September 12, 2004, Updated September 13, 2012

Professors Joseph Kost of Ben-Gurion University demonstrates the SonoPrep. ‘It opens the door to all kinds of needle-less injections.’The next time you go to the doctor and you need to get a shot, tell him to get with the times and give you a SonoPrep instead. After eight years of technological development, a joint project by an Israeli and an American scientist has resulted in this futuristic device which could make needles a thing of the past.

The SonoPrep uses ultrasound to painlessly deliver medications, including local anesthesia, through microscopic pores in the skin – holes created by low-frequency vibrations instead of high-anxiety needles.

The device – created in collaboration by Professors Joseph Kost of Ben-Gurion University and Robert Langer of MIT, has been approved by the US Food and Drug Administration and put on the market in the United States.

“The SonoPrep got its start back in the early 80s when I did my post-doctoral work at MIT,” Kost told ISRAEL21c. “My collaboration with Bob Langer continued over the years as we developed the technology both at BGU and at MIT. It would be accurate to see this is a true U.S.-Israeli invention.”

SonoPrep applies ultrasound waves to the skin for 15 seconds, disrupting a protective membrane to allow fluids to enter or exit. The openings permit larger molecules, including those of many drugs, to pass quickly through the skin which, 24 hours later, returns to normal.

Manufactured by Sontra, a company based in Franklin, Massachusettes which was founded by Kost and Langer eight years ago to commercialize SonoPrep, the device will sell for $2,000. The company now trades on the Nasdaq according to a market value of $40 million.

“The company expects to start selling the product this month – at first to topical local anesthetics and to physicians and hospitals,” said Kost.

The FDA made it the first approved technology to use ultrasound for quickly anesthetizing the skin. Using the SonoPrep, it takes only five minutes for lidocaine cream to take effect, instead of the one hour needed to prepare patients for painful procedures like the insertion of catheters and infusion tube needles, and taking biopsies.

There are competing technologies for needle-free drug delivery, such as those with electric fields which require batteries, said Kost, but he believes his device is faster, more widely applicable to local pain relief, and can be applied to the later systemic delivery of medications.

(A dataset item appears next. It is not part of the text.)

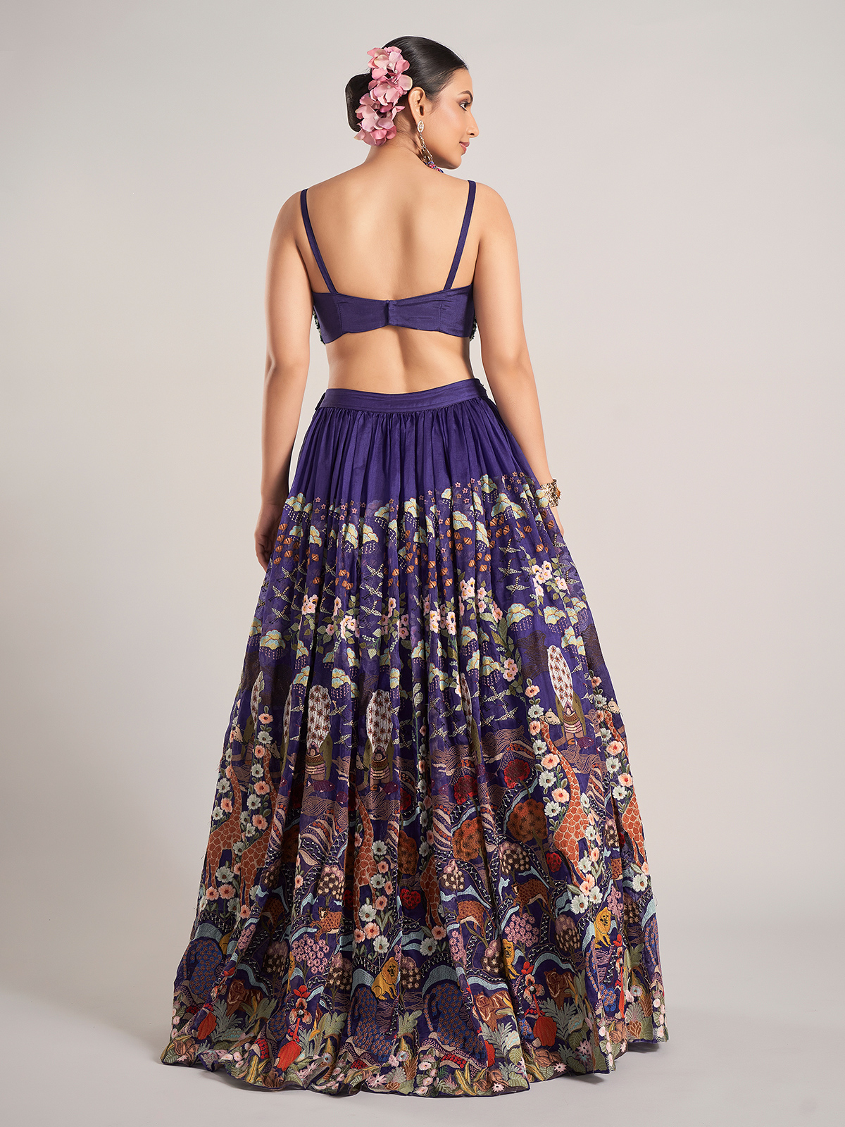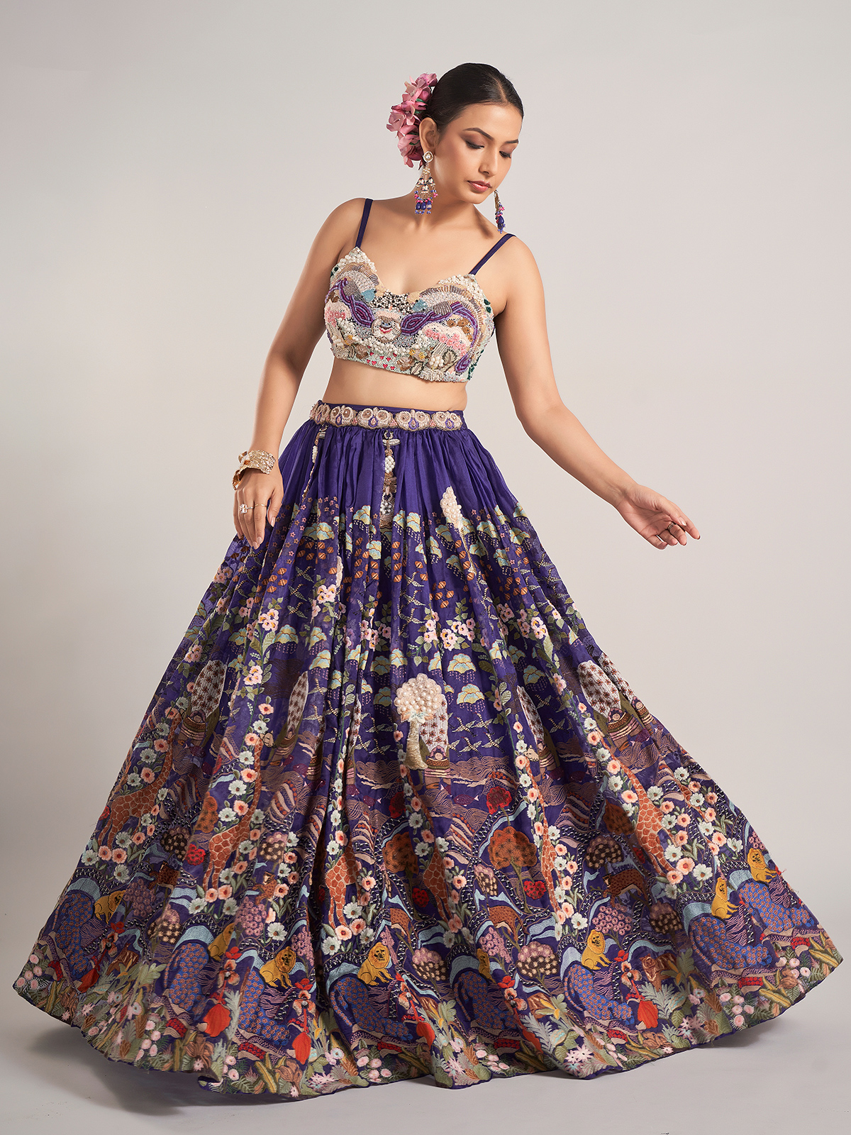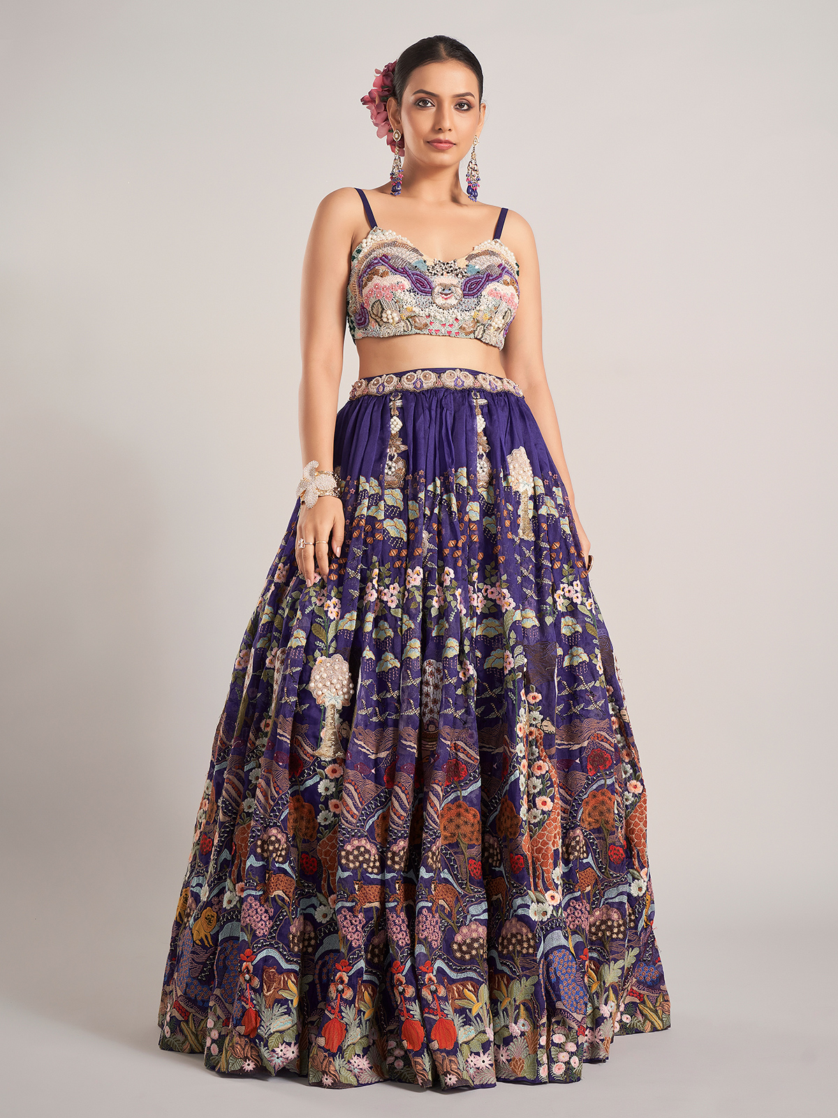 Grace special occasions with this purple organza lehenga choli, lavishly detailed with pearls, thread, sequins, embroidery, zardosi, and beads. Featuring a sweetheart neckline and sleeveless cut, it pairs with a dupatta for weddings or receptions.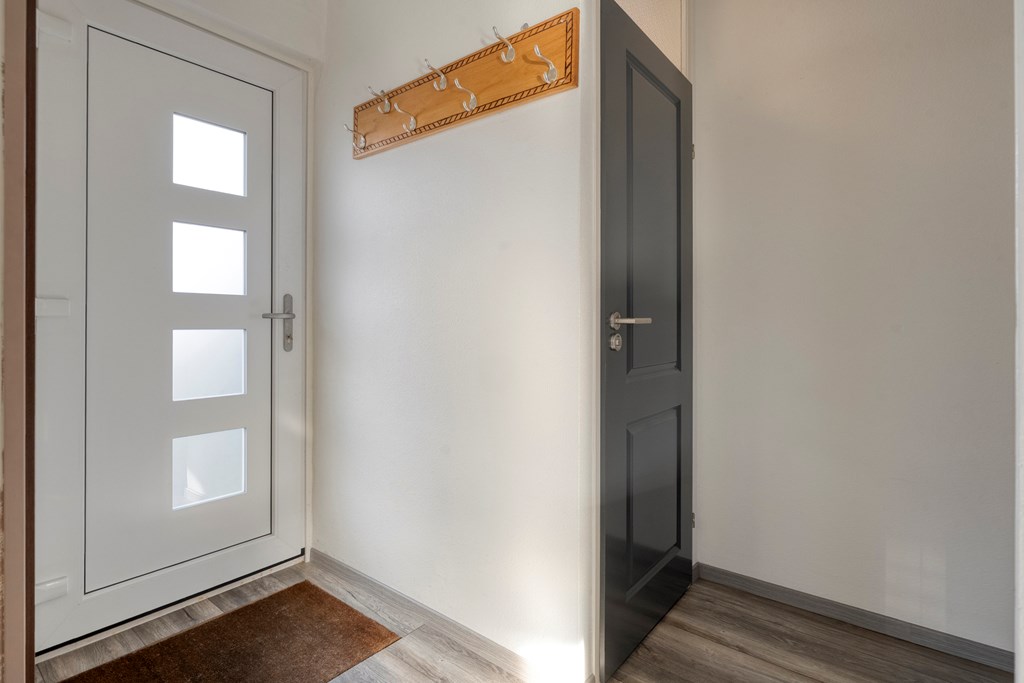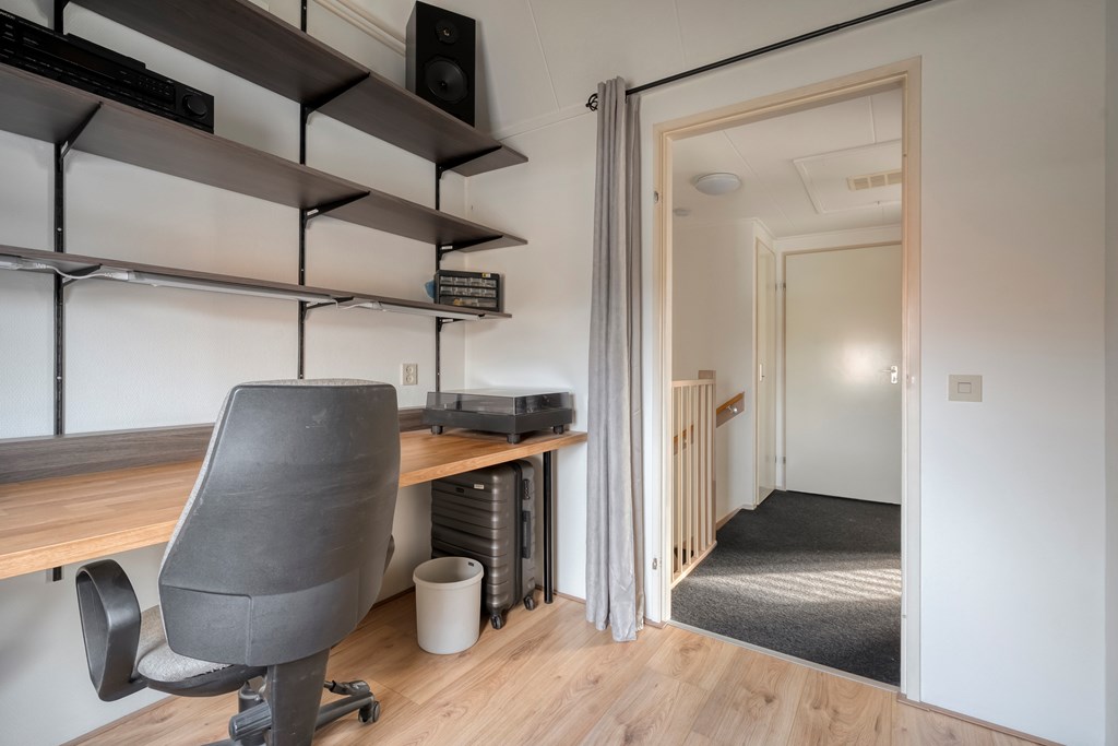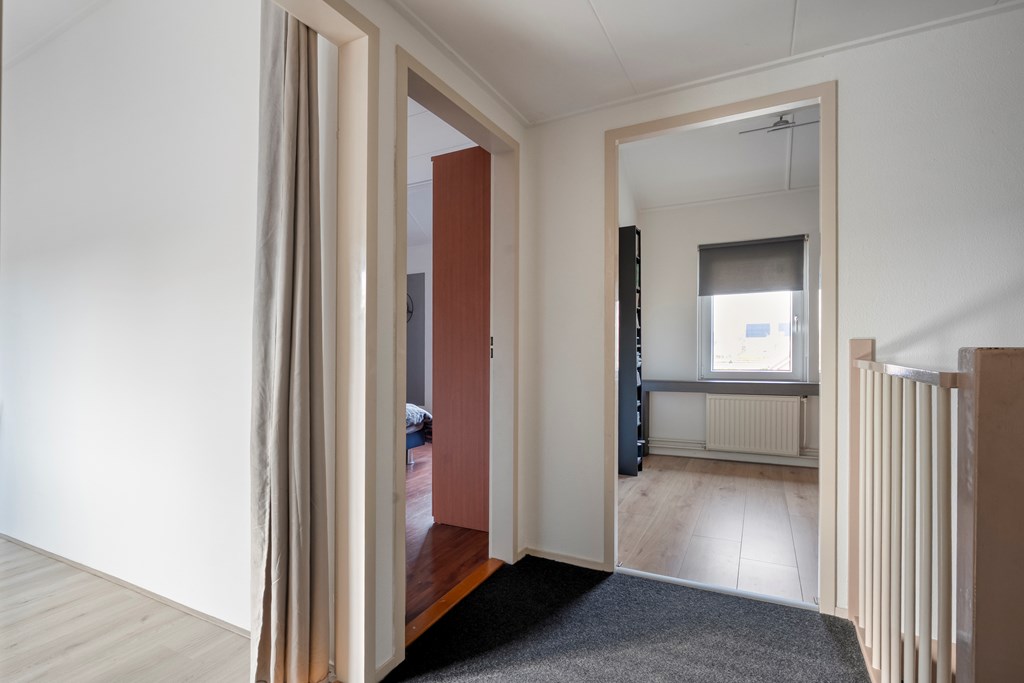 Overloop met toegang tot drie slaapkamers, waaronder een ruime hoofdslaapkamer. De badkamer is voorzien van een inloopdouche, wastafel, toilet en witgoedaansluiting. Daarnaast is er een vaste kast voor extra bergruimte.

“It’s incredibly promising,” Dr. Charles Berde, director of pain treatment services at Boston’s Children’s Hospital, told The Boston Globe. “I see it as a methodology of getting a variety of other drugs across the skin.”

Berde said the device could eliminate delays connected to blood testing and be especially useful for children who are afraid of needle procedures.

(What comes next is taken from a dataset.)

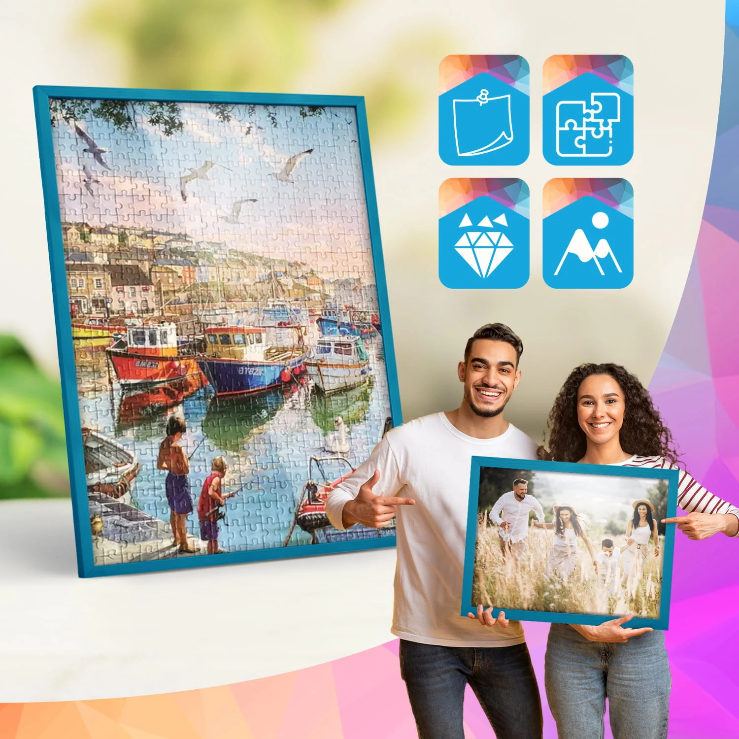Set of 3 Turquoise photo frames 28 x 40 in (70 x 100 cm), made of natural wood

“The important point, to me, is not just that the FDA approved it – it’s a validation of the technique,” Langer told The Globe. “It opens the door to all kinds of needle-less injections… It’s kind of like ‘Star Trek.’ They zap people, and the stuff goes through.”

Berde said SonoPrep’s initial success probably would depend on whether hospitals would be willing to pay $2,000 for the ultrasound unit, but Sontra officials said the cost would be recouped if the unit is used frequently.
“The hospital will pay no more than it does for a single use of lidocaine today,” Sean Moran, the company’s chief financial officer, told The Globe.

Dr. Bruce Becker, a doctor who works in Rhode Island Hospital’s emergency room, tested the product on patients as part of the federal Food and Drug Administration approval process.
“It’s one thing to think something’s interesting [and] nice, but we want the hard science,” he said “Generally for adults, we’ve always thought this is nothing. So we measured a pain scale and some people thought the IV was 10 out of 10 for pain. So that’s really painful, and we’ve been ignoring that for years.”

According to Kost who is from BGU’s department of medical engineering, the SonoPrep also offers future applications in the fields of drug delivery and diagnostics – for continuous and painless testing of blood sugar in diabetics, speedy administration of pain medications to cancer patients, and influenza vaccines to the general public.

Sontra will test SonoPrep to administer painkillers such as the opiate fentanyl, which is often given to cancer patients, significantly reducing the current 18 hours it takes for the drug to have an effect on the brain.

“We are now able to focus on a whole series of new applications that replace needles with ultrasound technology. The technology also allows noninvasive checks of sugar levels for diabetics without needles,” Kost added, “which is being developed together with [pharmaceuticals and health-care company] Bayer.”

“In the current method of testing sugar levels, one can only get a discreet measurement – you have to prick some place to extract a droplet of blood, and you get one data point, but the diabetic won’t know what to do with this information. His glucose level might be either dropping rapidly or rising rapidly, and he wouldn’t know it unless he then extracts another droplet. Having a continuous sensing, you can display trends, and show on a screen with arrows going up or two arrows if it’s going up rapidly,” said Kost.

He emphasized the benefits that will be available to the parents of child diabetics.

“It will let them sleep better. You can put the sensor on the child, have a beeper in the parents’ room, and the alarm will go off if the blood glucose veers from the norm,” said Kost.